A Secret to Health: Sleep Eight Hours During the Dark of Night
May 12, 2015
While I was going to college, I lived with my grandmother Dorothy in her home. At the time I was a night owl - often up late studying or socializing. She would admonish me, “Jamer (my childhood nickname), an hour of sleep before midnight is worth two hours of sleep after midnight.” In the decades since then, cutting-edge science has substantiated much of Dorothy’s folksy intuition, including that old adage.
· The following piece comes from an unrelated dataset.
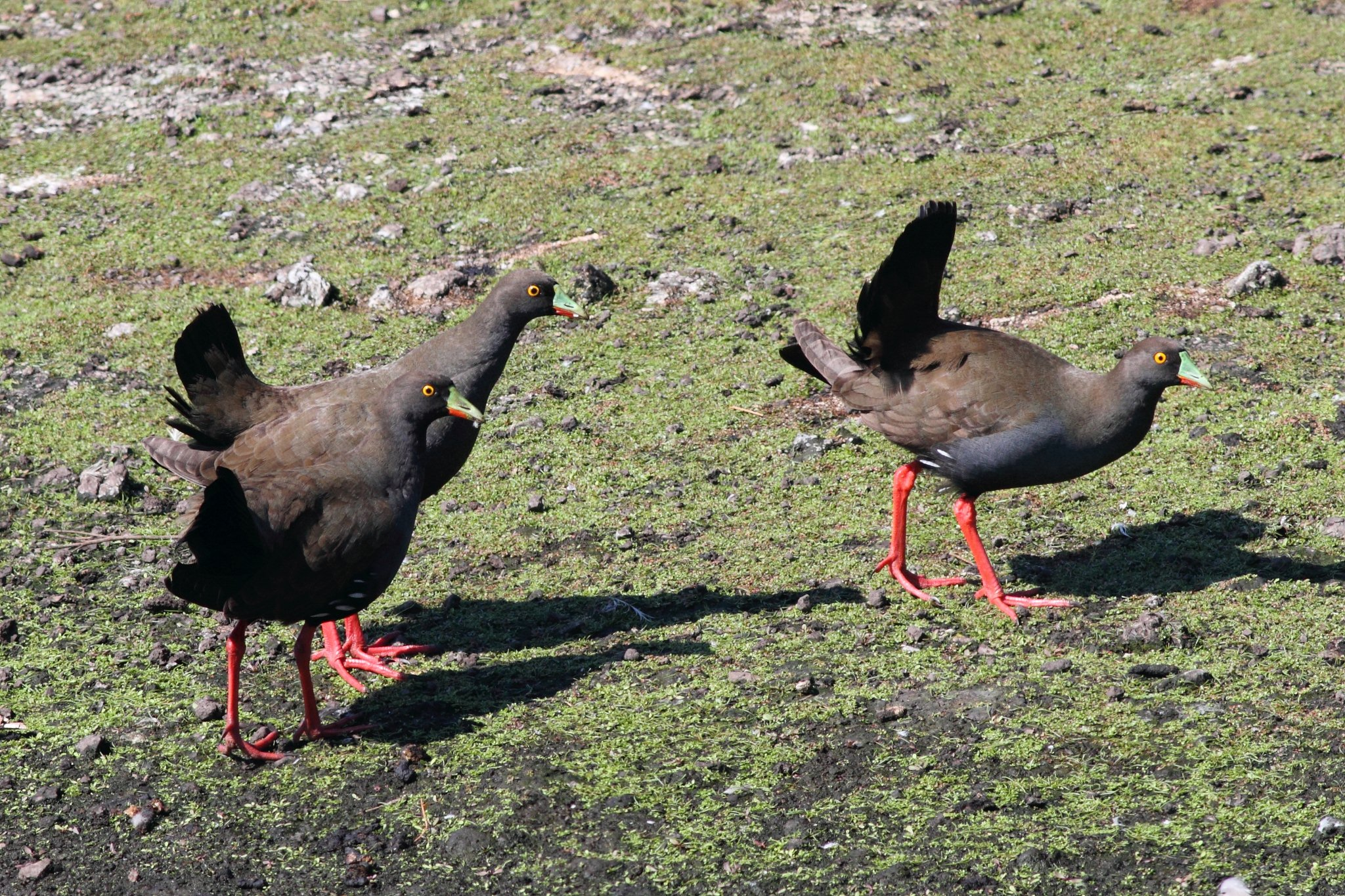 Black-tailed Nativehen Tribonyx ventralis at Coolart Wetlands, Mornington Peninsula, Victoria, Australia

Our bodies are hard-wired to sleep during the dark nighttime and be active during the daylight hours. Many powerful hormones including melatonin, vitamin D, adrenalin, and cortisol fluctuate in a circadian rhythm that allows us to rest more deeply, heal more quickly, and rejuvenate more fully if we go get to sleep by 9:30 or 10 p.m., and rise with the sun about eight hours later. On the other hand, eight hours of sleep between 1 and 9 a.m., for example, will not be as reinvigorating or restorative for your body and brain.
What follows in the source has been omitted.